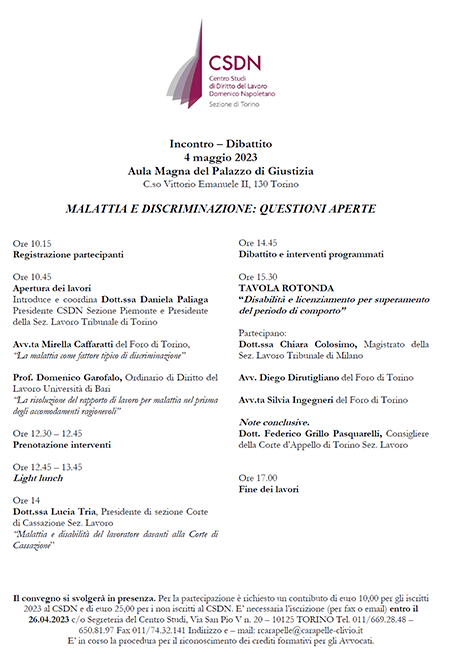 Da Gio, 04/05/2023 a Gio, 04/05/2023 Mode On-site-only File Programma105.97 KB 13/04/2023 Malattia e discriminazione: questioni aperte on-site only h. 10:15 | C.so Vittorio Emanuele II 130, Torino CSDN - Sezione di Torino Incontro – Dibattito Aula Magna del Palazzo di Giustizia C.so Vittorio Emanuele II, 130 Torino
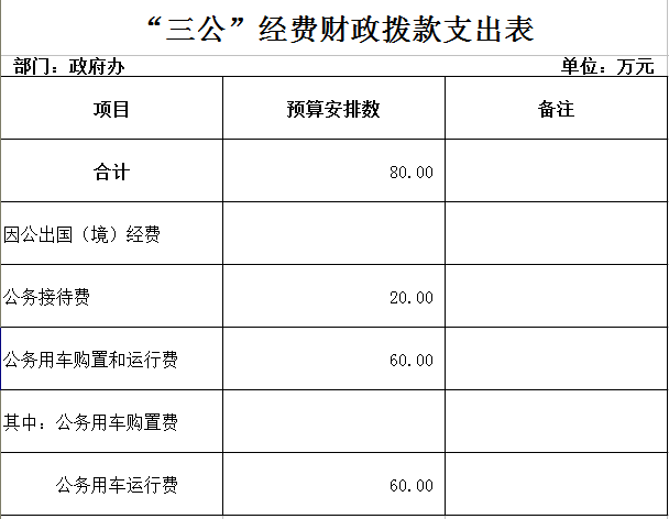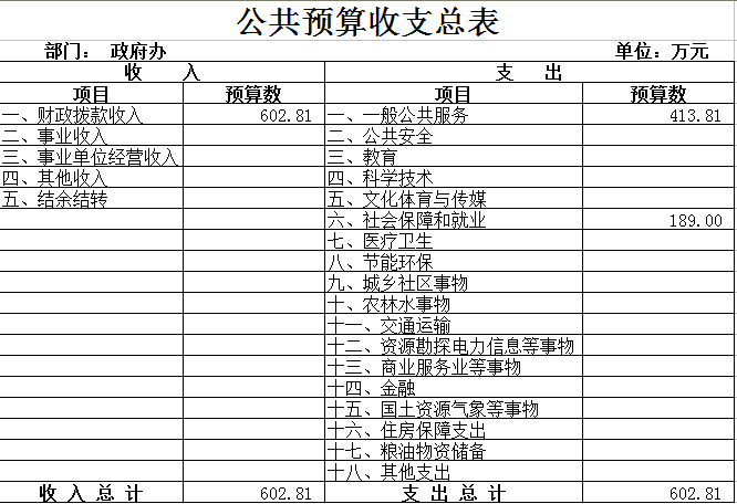 一、政府办主要职能 (一)负责承担区政府大型综合材料和领导讲话的起草、审核、修改工作等。 (二)负责区政府党组会议、常务会议、区长办公会议、全体成员会议、区政府重大会议的会务工作和区政府重大活动组织安排。 (三)督促检查区政府重要工作部署,会议决定事项、领导重要批示的执行情况。 (四)负责人大代表建议、政协委员提案办理及办理情况的反馈工作。 (五)协助区政府领导审核或组织起草义区政府、区政府办公室名义发布的各类文件等。 (六)负责区政府总值班安排和公务接洽,特别是做好突发事件和重大事故情况的反映和综合协调。 (七)负责区政府办公室财务工作。 (八)负责区四个班子领导的接待服务工作,后勤工作和离退休人员管理、服务工作:负责区政府办公楼及二办的管理和安全保卫工作。 (九)负责办公室及直属单位的人事劳资、干部教育 职称评聘、纪律检查等。 (十)认真贯彻执行国家、省、市的侨务工作的方针、政策和有关规定,开展好各项侨务工作。 (十一)贯彻执行国家有关民族、宗教政策和法律、法规,并开展好管理教育工作,检查民族、宗教政策和法律、法规的执行情况。 (十二)负责全区规范性文件的审核、制定及监督贯彻执行情况。 (十三)承办区政府交办的其它事项。 二、 2014年政府办部门预算总体情况 预算总收入602.81万元,其中:财政拨款收入602.81万元。预算总支出602.81万元,其中:一般公共服务支出413.81万元,社会保障和就业支出189万元。(工资福利支出159.73万元,商品和服务支出237.08万元,对个人和家庭补助支出206万元)。 附表: 1、《公共预算收支总表》 2、《公共预算支出表》 3、《三公经费财政拨款支表》
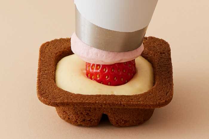 北海道産いちごを丸ごと1粒、生チーズムースで包み込んだ贅沢なチーズケーキです。販売期間は2026年4月24日(金)〜6月下旬予定。
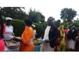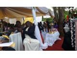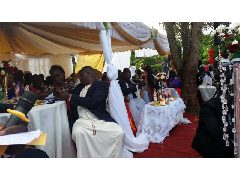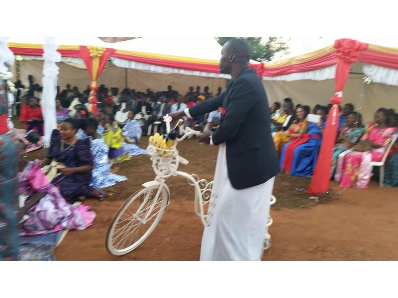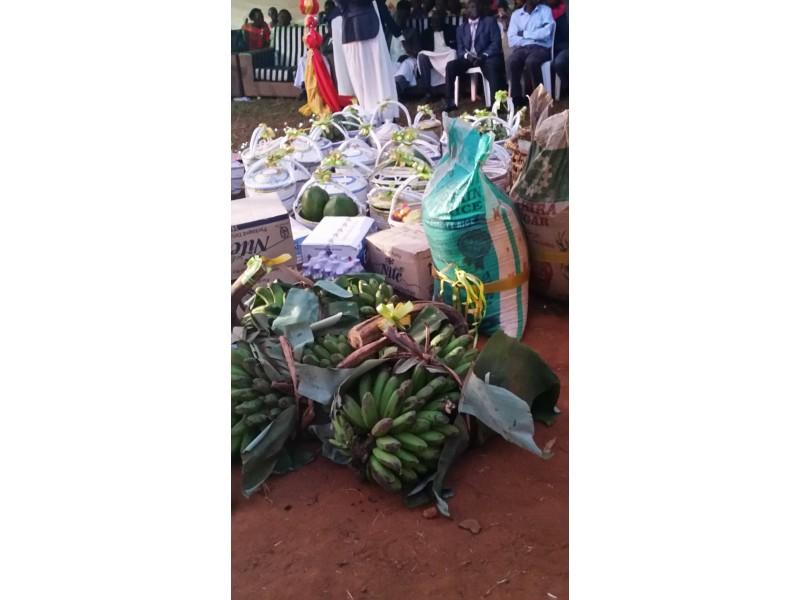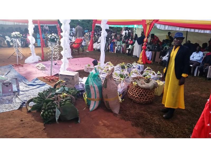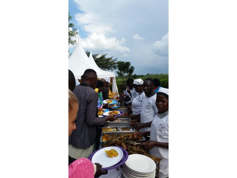 Moramo naglasiti da je sve u duhu podizanja vedre atmosfere i pozitivne energije. Na žalost nismo razumjeli što se točno govori, ali nekako nam to nije smetalo, jer je smijeh uzvanika na svako pitanje i odgovor druge strane bio tako zarazan i nekako je i nas ponio. Smijali smo se i slušali sa zanimanjem baš kao da sve razumijemo. Jako je važno napomenuti kako je hrana poslužena odmah na početku kako gosti ne bi bili iscrpljeni protokolom. Nije ni potrebno naglasiti kako je sva hrana zdrava s puno povrća domaće proizvodnje. Na tanjuru se nalazilo svega, od pečene tikve, matoke (to je zelena banana koja se priprema na sve načine kao i naš krumpir i sličnog je okusa, a često je na stolu Afrikanaca), kuhane kasave (korijenasta biljka koja ima stabljiku kao naš kukuruz ali se koristi u prehrani samo korijen. Može se jesti sirov i vrlo je ukusan, a u kuhanom obliku je neutralnog okusa i vrlo je dobar kao prilog uz kuhano povrće i sosove), dvije vrste riže smeđa i bijela, grašak, mahune i naravno obavezni lubenica i ananas. Za ljubitelje mesa bila je govedina na saft. Nešto slično kao naš gulaš. Uglavnom jedu govedinu. Meso baš i nije preporučljivo jesti, bar ne za nas Europljane, jer se prodaje na otvorenom izvješeno na policama uz cestu. Naš probavni sustav nije prilagođen za tako pohranjeno i od bakterija nezaštićeno meso. Svi su jeli umjereno. Piju se sokovi, svih vrsta. Bilo je Mirinde, ali i nacionalni, poznati gazirani napitak od đumbira pod nazivom Stony. Nije bilo vidno ponuđenog alkohola iako je ovo bila kršćanska svadba. Možda jesu pili ali nismo vidjeli. Ceremnija je trajala nekoliko sati prije izlaska mladenke. U međuvremenu su se smjenjivali plesači njihovih egzotičnih plesova uz bubnjeve i vrlo ritmičnu afričku popularnu glazbu. Između pojedinih nastupa plesača, koje su gosti nagrađivali novcem, na središnji plato izlazile su grupe uzvanika, predstavnici određenih obitelji koje su u srodstvu sa mladencima. Kada izađu gosti mladenke onda ih odabrani predstavnici iz reda gostiju mladoženje daruju nekim sitnicama. Muškarcima se poklanjaju remeni, neke koverte, vjerovatno sa simboličnim novčanicama. Djeci igračke, a žene dobiju kišobrane i tako nešto slično. I mi smo darivali jednu grupu iz mladenkine obitelji.

____________

A word-for-word transcription of the listing is needed, minus its images.

 Da Gio, 04/05/2023 a Gio, 04/05/2023 Mode On-site-only File Programma105.97 KB 13/04/2023 Malattia e discriminazione: questioni aperte on-site only h. 10:15 | C.so Vittorio Emanuele II 130, Torino CSDN - Sezione di Torino Incontro – Dibattito Aula Magna del Palazzo di Giustizia C.so Vittorio Emanuele II, 130 Torino
 一、政府办主要职能 (一)负责承担区政府大型综合材料和领导讲话的起草、审核、修改工作等。 (二)负责区政府党组会议、常务会议、区长办公会议、全体成员会议、区政府重大会议的会务工作和区政府重大活动组织安排。 (三)督促检查区政府重要工作部署,会议决定事项、领导重要批示的执行情况。 (四)负责人大代表建议、政协委员提案办理及办理情况的反馈工作。 (五)协助区政府领导审核或组织起草义区政府、区政府办公室名义发布的各类文件等。 (六)负责区政府总值班安排和公务接洽,特别是做好突发事件和重大事故情况的反映和综合协调。 (七)负责区政府办公室财务工作。 (八)负责区四个班子领导的接待服务工作,后勤工作和离退休人员管理、服务工作:负责区政府办公楼及二办的管理和安全保卫工作。 (九)负责办公室及直属单位的人事劳资、干部教育 职称评聘、纪律检查等。 (十)认真贯彻执行国家、省、市的侨务工作的方针、政策和有关规定,开展好各项侨务工作。 (十一)贯彻执行国家有关民族、宗教政策和法律、法规,并开展好管理教育工作,检查民族、宗教政策和法律、法规的执行情况。 (十二)负责全区规范性文件的审核、制定及监督贯彻执行情况。 (十三)承办区政府交办的其它事项。 二、 2014年政府办部门预算总体情况 预算总收入602.81万元,其中:财政拨款收入602.81万元。预算总支出602.81万元,其中:一般公共服务支出413.81万元,社会保障和就业支出189万元。(工资福利支出159.73万元,商品和服务支出237.08万元,对个人和家庭补助支出206万元)。 附表: 1、《公共预算收支总表》 2、《公共预算支出表》 3、《三公经费财政拨款支表》
 北海道産いちごを丸ごと1粒、生チーズムースで包み込んだ贅沢なチーズケーキです。販売期間は2026年4月24日(金)〜6月下旬予定。
 Moramo naglasiti da je sve u duhu podizanja vedre atmosfere i pozitivne energije. Na žalost nismo razumjeli što se točno govori, ali nekako nam to nije smetalo, jer je smijeh uzvanika na svako pitanje i odgovor druge strane bio tako zarazan i nekako je i nas ponio. Smijali smo se i slušali sa zanimanjem baš kao da sve razumijemo. Jako je važno napomenuti kako je hrana poslužena odmah na početku kako gosti ne bi bili iscrpljeni protokolom. Nije ni potrebno naglasiti kako je sva hrana zdrava s puno povrća domaće proizvodnje. Na tanjuru se nalazilo svega, od pečene tikve, matoke (to je zelena banana koja se priprema na sve načine kao i naš krumpir i sličnog je okusa, a često je na stolu Afrikanaca), kuhane kasave (korijenasta biljka koja ima stabljiku kao naš kukuruz ali se koristi u prehrani samo korijen. Može se jesti sirov i vrlo je ukusan, a u kuhanom obliku je neutralnog okusa i vrlo je dobar kao prilog uz kuhano povrće i sosove), dvije vrste riže smeđa i bijela, grašak, mahune i naravno obavezni lubenica i ananas. Za ljubitelje mesa bila je govedina na saft. Nešto slično kao naš gulaš. Uglavnom jedu govedinu. Meso baš i nije preporučljivo jesti, bar ne za nas Europljane, jer se prodaje na otvorenom izvješeno na policama uz cestu. Naš probavni sustav nije prilagođen za tako pohranjeno i od bakterija nezaštićeno meso. Svi su jeli umjereno. Piju se sokovi, svih vrsta. Bilo je Mirinde, ali i nacionalni, poznati gazirani napitak od đumbira pod nazivom Stony. Nije bilo vidno ponuđenog alkohola iako je ovo bila kršćanska svadba. Možda jesu pili ali nismo vidjeli. Ceremnija je trajala nekoliko sati prije izlaska mladenke. U međuvremenu su se smjenjivali plesači njihovih egzotičnih plesova uz bubnjeve i vrlo ritmičnu afričku popularnu glazbu. Između pojedinih nastupa plesača, koje su gosti nagrađivali novcem, na središnji plato izlazile su grupe uzvanika, predstavnici određenih obitelji koje su u srodstvu sa mladencima. Kada izađu gosti mladenke onda ih odabrani predstavnici iz reda gostiju mladoženje daruju nekim sitnicama. Muškarcima se poklanjaju remeni, neke koverte, vjerovatno sa simboličnim novčanicama. Djeci igračke, a žene dobiju kišobrane i tako nešto slično. I mi smo darivali jednu grupu iz mladenkine obitelji.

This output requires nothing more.